脳死

昨日の続きのようなコメントである。
昨年、生まれて初めて6時間に渡る全身麻酔での手術を受けた。非常なる不安を抱きながらの手術前の一夜であった。朝一番の、8時くらいからの手術だった。朝に何かをためらわせる時間のまもなく手術室行きの台車に乗せられていくとき、不安を感じる間も無い、ただ慌しいばかりの時間は、考えることをさせず見事としか言うこと無い段取りだった。本当にただ運ばれていくしかなかった切迫感だ。
麻酔を注入しまーす、という声が終わると直ちに、意識は空白となった。夢も何も見ず、ただ10分ほど寝たかなというような、本当に真っ白な空白だった。自分の名前を2度ほど呼ばれただろうか。ぱっと目が覚めた。気持ちのよい目覚めだった。6時間経ったという。驚きだった。
何を言いたいか。
死とは何も無いんだな。あれほどの長時間、何も無いということは、死とは本当に何も無いんだなということだ。これもいいのかもしれない。笑い話のようだが、一生死んでいるのだ。しかし、そこに介在する時間は全く無いが、本当に空白なんだが、そこに時間が無いということは充分に想像できた。
逆に、脳がどんな障害を抱えていようと、極めて一部の組織が電気的活動や、細胞活動を一部で行っていれば、夢なり、思考なりが存在するのではないか思うのだ。それが他の臓器の障害から切り離されていれば、具体的な苦しみや痛みも無く、夢としての苦しみや痛みはあるのであろうが、生き永らえて行けるのではないだろうか。
脳に流れる血流が微小であったりゆっくりだったとすれば、ひょっとすると時間は大層ゆっくり流れているのかもしれない。でももう現実の時間などは全く関係が無い。そこは自分だけの時間であり、夢の中だけの世界であり現実の世界との時間の同期などは必要も無い。
こんなことを考えていると、脳だけの保存で生命を永らえる方法ということもありうるのではないかと思わせられる。
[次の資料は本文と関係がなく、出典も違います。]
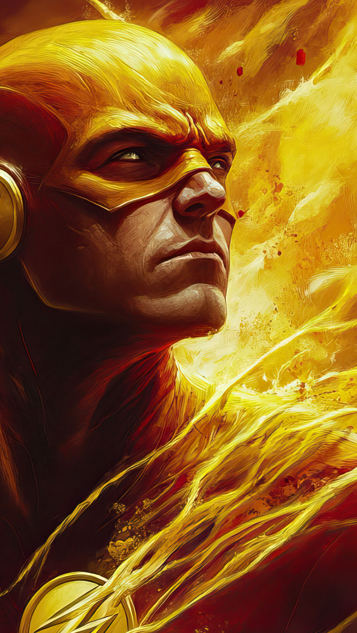 A dynamic 4K portrait wallpaper of the DC superhero Flash, capturing the character in action with vibrant colors and striking details, perfect for fans of comic book art and those looking to add an energetic touch to their screen. Simply click the download button to bring this masterpiece to life on your screen as a desktop wallpaper or save it for later in your picture collection.
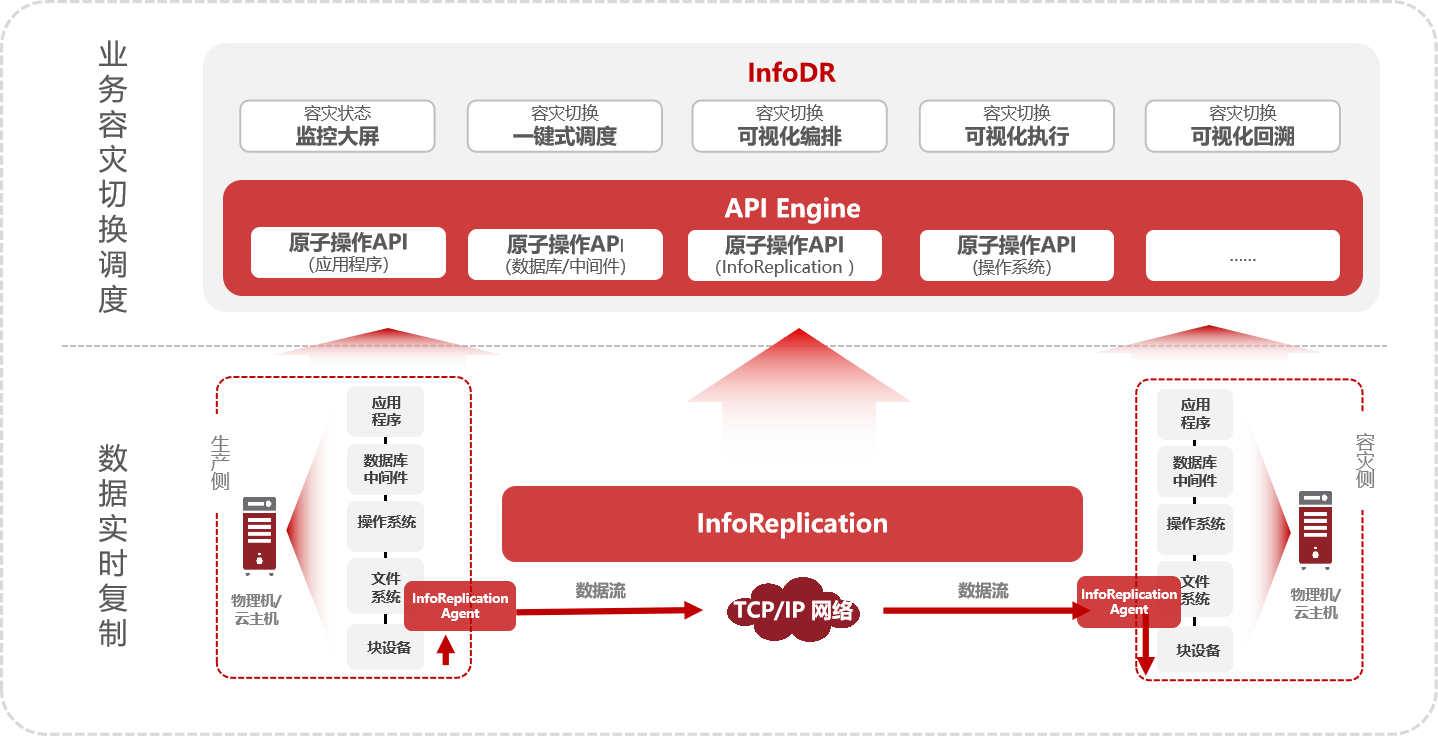 通過InfoReplication,可高效實現(xiàn)各類企業(yè)級“數(shù)據(jù)容災(zāi)”場景,為業(yè)務(wù)數(shù)據(jù)提供持續(xù)穩(wěn)定的容災(zāi)保護(hù),搭配InfoDR,可“升級”進(jìn)階為“準(zhǔn)雙活應(yīng)用容災(zāi)”,為業(yè)務(wù)應(yīng)用提供自動化可視化的容災(zāi)管理。
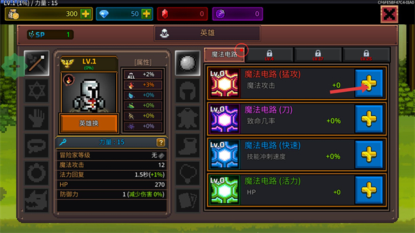 2、在英雄界面的魔法電路板塊,可升級對應技能如魔法攻擊,消耗資源提升屬性加成,增強角色輸出能力。
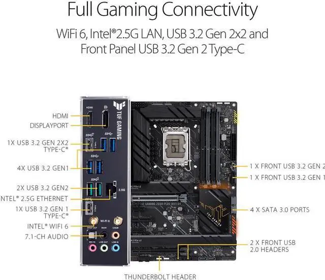 Ultra Fast Gaming Networking: WiFi 6 AX201 ( 802.11 ax), Intel I225-V 2.5G b LAN, TUF LANGuard and TurboLAN technology

他の臓器が必要な人には、存分に臓器が供給でき分け与えられ、臓器の障害による現実の世界での充分なる生存は更に進化し、老化とともに生命を全うしようとする段階に入ると脳だけの生存による精神的生存が保たれる。そんな時代が来るのではないか。
今の脳死と臓器提供で盛んに議論されていることは逆に、脳を生かすための臓器が切り離される。
どこかSFの世界のようだが、一生夢だけで過ごせる世界は、孤独ではあるが、意識は連続し、過去の記憶がある範囲だけではあるが、充分にその中で楽しめる一生が送れるののではなかろうか。
これはあくまで、少々の焼酎のお湯割りの酔いの世界で考えたことではなく、これまで数十年間考え続けてきたことであり、手術を受けたことによる脳の停止による空白で、その考えが補強できたことからコメントしたものである。